Imagine being obliged to play Russian roulette – twice (if you are lucky enough to survive the first game). Each time you must spin the chambers of a six-chambered revolver before pulling the trigger. However you do have one choice: You can choose to either (a) use a revolver which contains only 2 bullets or (b) blindly pick one of two other revolvers: one revolver contains 3 bullets; the other just 1 bullet. Whichever particular gun you pick you must use every time you play. Surprisingly, option (b) offers a better chance of survival. We discuss a general theorem implying, with some specified caveats, that a system's probability of surviving repeated 'demands' improves as uncertainty concerning the probability of surviving one demand increases. Nonetheless our behavioural experiments confirm the counterintuitive nature of the Russian roulette and other kindred problems: most subjects prefer option (a). We discuss how uncertain probabilities reduce risks for repeated exposure, why people intuitively eschew them and some policy implications for safety regulation.


Deductive reasoning from uncertain premises

Nicole Cruz

Birkbeck, University of London

There has been a paradigm shift in the psychology of deductive reasoning, from a binary approach focussed on the truth or falsity of a statement, given the truth of some other statements, to a probabilistic approach focussed on one's degree of belief in a statement, given one's degrees of belief in some other statements. In the older, binary approach, the criterion for when an inference is correct was given by the rules of classical logic. In the probabilistic approach, the correctness of an inference is determined by the rules of probability theory. The probabilistic approach has sometimes carried over from the binary approach a contrast between "logic" on the one side and "belief" or "probability" on the other, and probabilistic accounts have sometimes been viewed as theories of belief based reasoning that is not logical. In this talk it is argued that the contrast between logic and belief is not necessary, because logic can itself be probabilistic. The two central logical concepts of consistency and validity can be generalised to coherence and probabilistic validity, respectively, making it possible for reasoning from uncertain premises to be deductive. A second section of the talk reviews experimental evidence on people's sensitivity to coherence and probabilistic validity in reasoning tasks.
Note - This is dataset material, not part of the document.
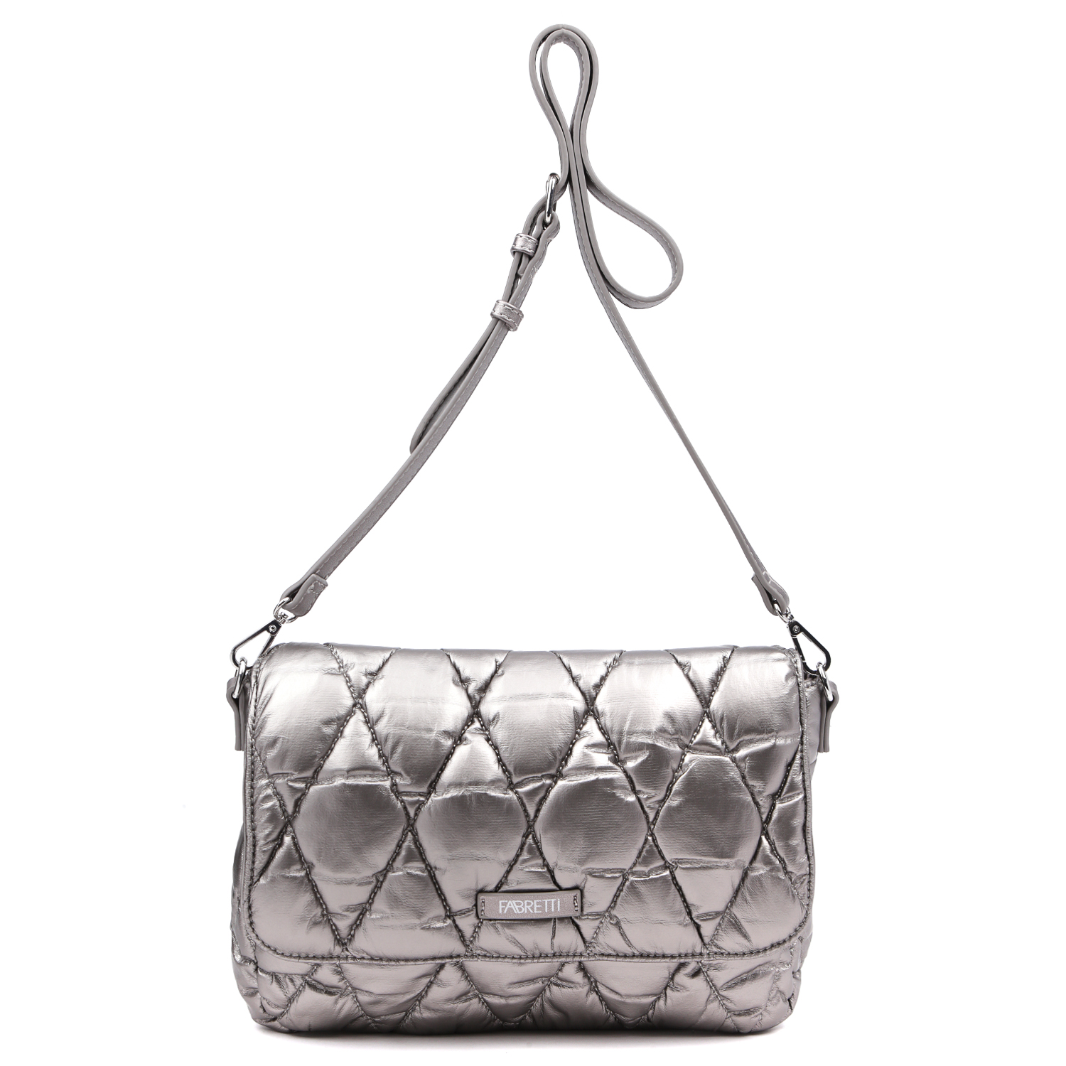 Стеганая сумка на плечо FABRETTI в оттенке серый металлик станет оригинальной деталью в образе. Модель выполнена из современного материала, который устойчив к воздействию влаги и перепаду температур. В качестве декора выступает ромбовидная стёжка. Сумка закрывается клапаном на магнитной кнопке. Основное отделение - на молнии. Внутри 2 боковых кармана для мелочей: открытый и на молнии. Дополняет дизайн съемный плечевой ремень, длина которого регулируется. Цвет фурнитуры - серебро.

Fast and accurate learning when making discrete numerical estimates

Adam Sanborn

University of Warwick

Many everyday estimation tasks have an inherently discrete nature, whether the task is counting objects (e.g., a number of paint buckets) or estimating discretized continuous variables (e.g., the number of paint buckets needed to paint a room). While Bayesian inference is often used for modeling estimates made along continuous scales, discrete numerical estimates have not received as much attention, despite their common everyday occurrence. Using two tasks, a numerosity task and an area estimation task, we invoke Bayesian decision theory to characterize how people learn discrete numerical distributions and make numerical estimates. Across three experiments with novel stimulus distributions we found that participants fell between two common decision functions for converting their uncertain representation into a response: drawing a sample from their posterior distribution and taking the maximum of their posterior distribution. While this was consistent with the decision function found in previous work using continuous estimation tasks, surprisingly the prior distributions learned by participants in our experiments were much more adaptive: When making continuous estimates, participants have required thousands of trials to learn bimodal priors, but in our tasks participants learned discrete bimodal and even discrete quadrimodal priors within a few hundred trials. This makes discrete numerical estimation tasks good testbeds for investigating how people learn and make estimates.